The next point to be covered is the "[S]" option. Something that is essential to keep in mind is that no instructions, by default, update the ARM's status register; adding "S" to the end of an instruction (that supports it) then forces that individual instruction to write updated values into to the user flags. This may seem a rather curious point to anyone familiar with other processor designs - for example, with the 6502, or with the 68000 series - but it dovetails neatly with the ARM's conditional-execution, allowing some "quite nice" sequences of code; this shall become clearer in both this, and later, parts of this introduction. It is extremely easy to miss out the "S" accidentally - I've done it myself plenty of times - but this will be covered along with more general debugging in a future article.
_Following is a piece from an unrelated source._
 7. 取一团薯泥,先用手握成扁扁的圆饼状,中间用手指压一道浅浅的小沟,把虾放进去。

The third common option of ARM instructions is the barrel shifter, a circuit within the ARM that has the job of shifting a 32-bit value left or right a given number of bit places; the part of this value shifted off the "top" or "bottom" may be either re-inserted at the other end of the value, or just simply masked out.
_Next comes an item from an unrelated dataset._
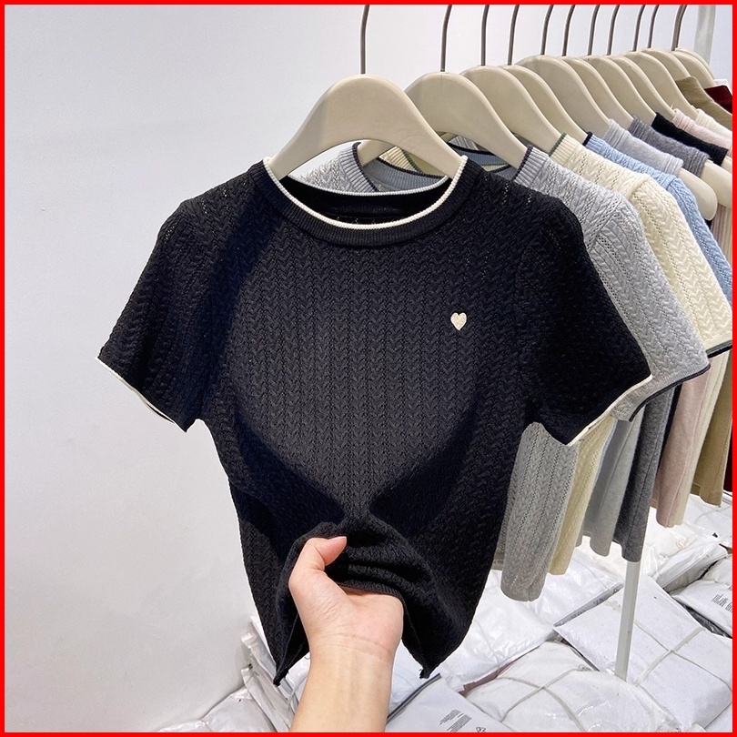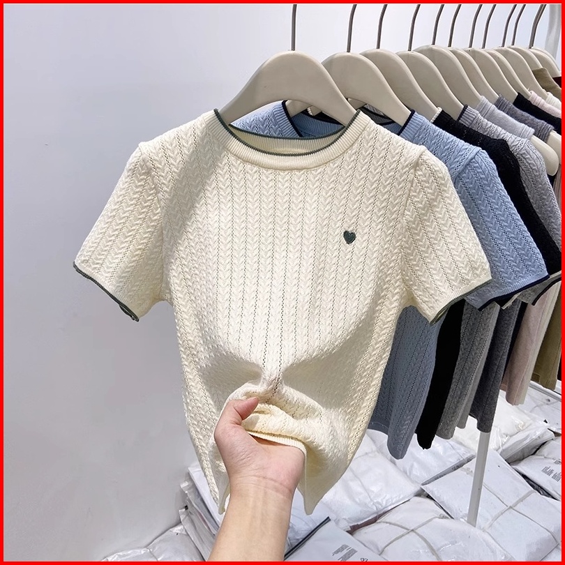 Kaos Oblong Rajut Bergaris Lengan Pendek Motif Blue Dengan Leher Bulat Dan Sulaman Hati

In figure 1, many instructions' operands are given as "<reg>", in which case, the operand can only be a "simple" register - "R0" to "R15" - or a constant or variable that evaluate to a register number. However, some operands are given as "<shift>"; in these cases, the operand - also referred to as "Op2" in "official" literature - has a range of formats, as listed in figure 5. In each of the formats, "<reg>" again means, as before, a "simple" register; the register used is not fixed, and need not be the same as other operands; indeed, in expansion #3, the two registers need not be identical.
The "<s-op>" given is the shift type, again as listed in figure 5. Each shift has a different effect, as follows; in each case, "C in" is the existing state of the carry flag, while "C out" would be the new state of the carry flag, if the "S" option were specified.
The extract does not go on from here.